- **GIVEN DATA**
►
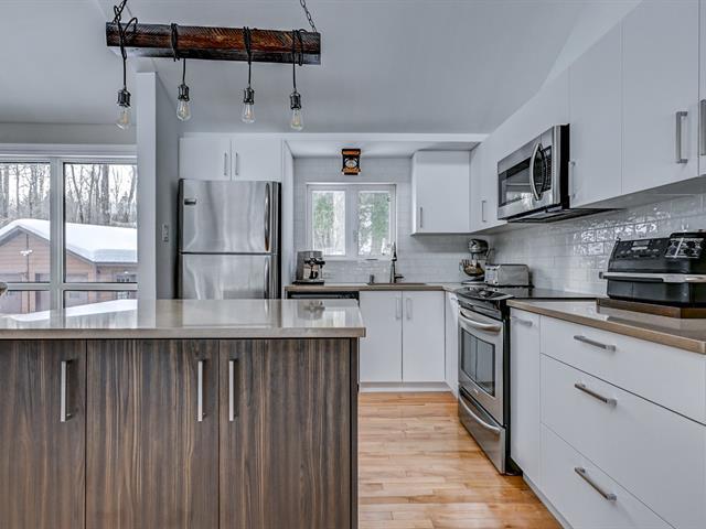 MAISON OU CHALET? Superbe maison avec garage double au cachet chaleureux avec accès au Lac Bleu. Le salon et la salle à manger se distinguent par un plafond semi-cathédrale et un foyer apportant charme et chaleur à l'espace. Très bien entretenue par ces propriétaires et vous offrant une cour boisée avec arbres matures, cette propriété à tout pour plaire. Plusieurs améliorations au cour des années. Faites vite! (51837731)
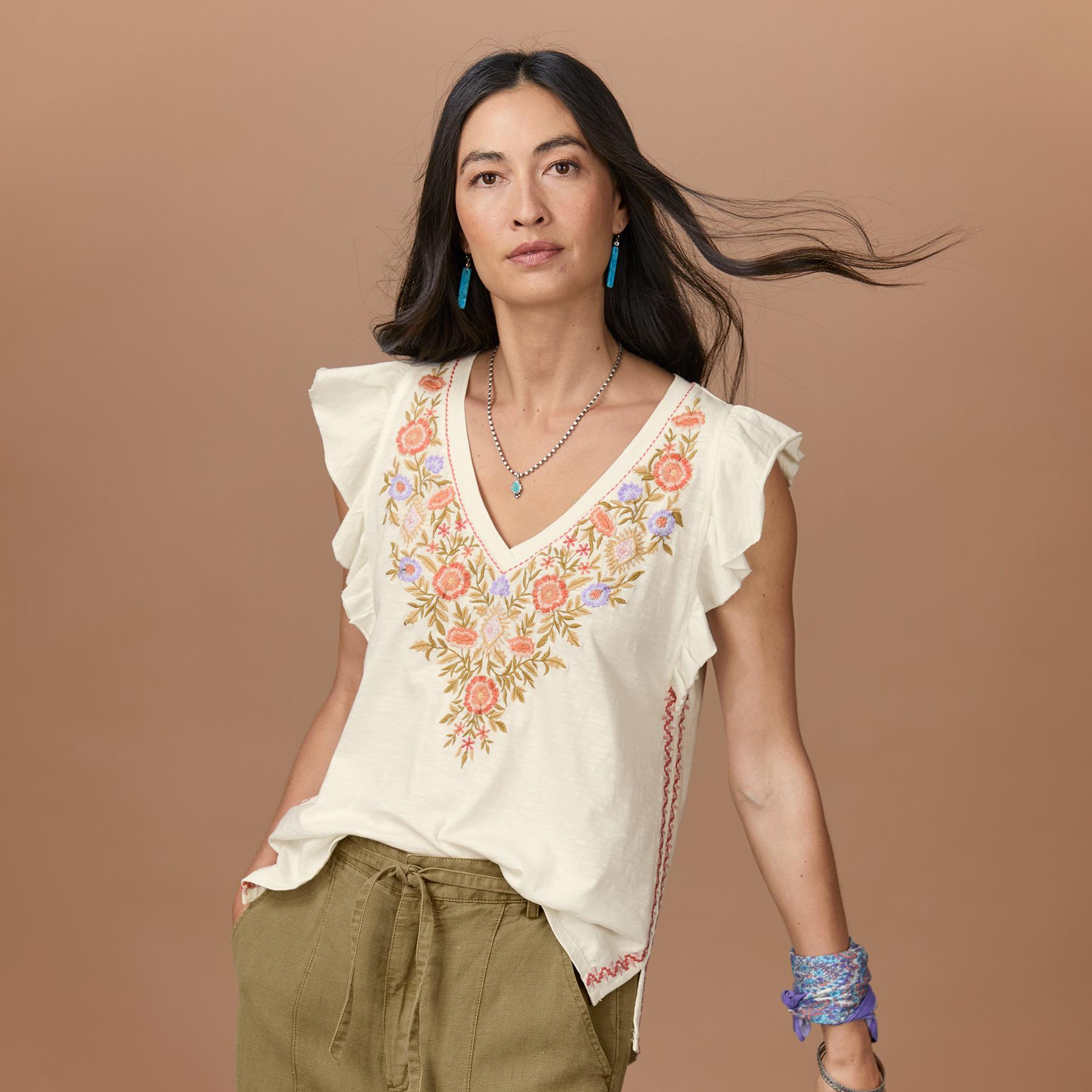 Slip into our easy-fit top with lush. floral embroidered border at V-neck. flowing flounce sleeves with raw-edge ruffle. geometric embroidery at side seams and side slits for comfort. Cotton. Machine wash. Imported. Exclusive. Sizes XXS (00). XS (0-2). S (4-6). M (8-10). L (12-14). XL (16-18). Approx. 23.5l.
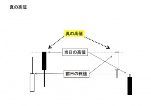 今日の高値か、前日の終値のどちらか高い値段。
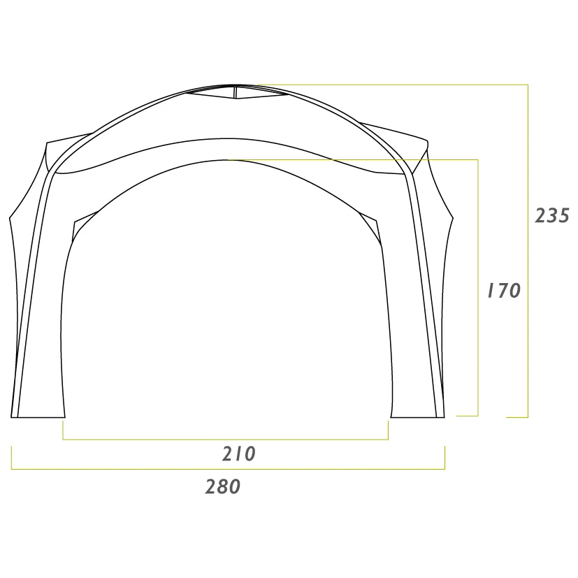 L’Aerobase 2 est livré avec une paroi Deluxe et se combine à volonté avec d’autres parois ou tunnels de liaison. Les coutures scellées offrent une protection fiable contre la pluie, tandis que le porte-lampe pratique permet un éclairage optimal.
◄
- **WHAT YOU ARE ASKED TO DO**
Everything in the listing above is to be given again exactly, apart from the pictures.

- **WRITTEN ANSWER**
 MAISON OU CHALET? Superbe maison avec garage double au cachet chaleureux avec accès au Lac Bleu. Le salon et la salle à manger se distinguent par un plafond semi-cathédrale et un foyer apportant charme et chaleur à l'espace. Très bien entretenue par ces propriétaires et vous offrant une cour boisée avec arbres matures, cette propriété à tout pour plaire. Plusieurs améliorations au cour des années. Faites vite! (51837731)
 Slip into our easy-fit top with lush. floral embroidered border at V-neck. flowing flounce sleeves with raw-edge ruffle. geometric embroidery at side seams and side slits for comfort. Cotton. Machine wash. Imported. Exclusive. Sizes XXS (00). XS (0-2). S (4-6). M (8-10). L (12-14). XL (16-18). Approx. 23.5l.
 今日の高値か、前日の終値のどちらか高い値段。
 L’Aerobase 2 est livré avec une paroi Deluxe et se combine à volonté avec d’autres parois ou tunnels de liaison. Les coutures scellées offrent une protection fiable contre la pluie, tandis que le porte-lampe pratique permet un éclairage optimal.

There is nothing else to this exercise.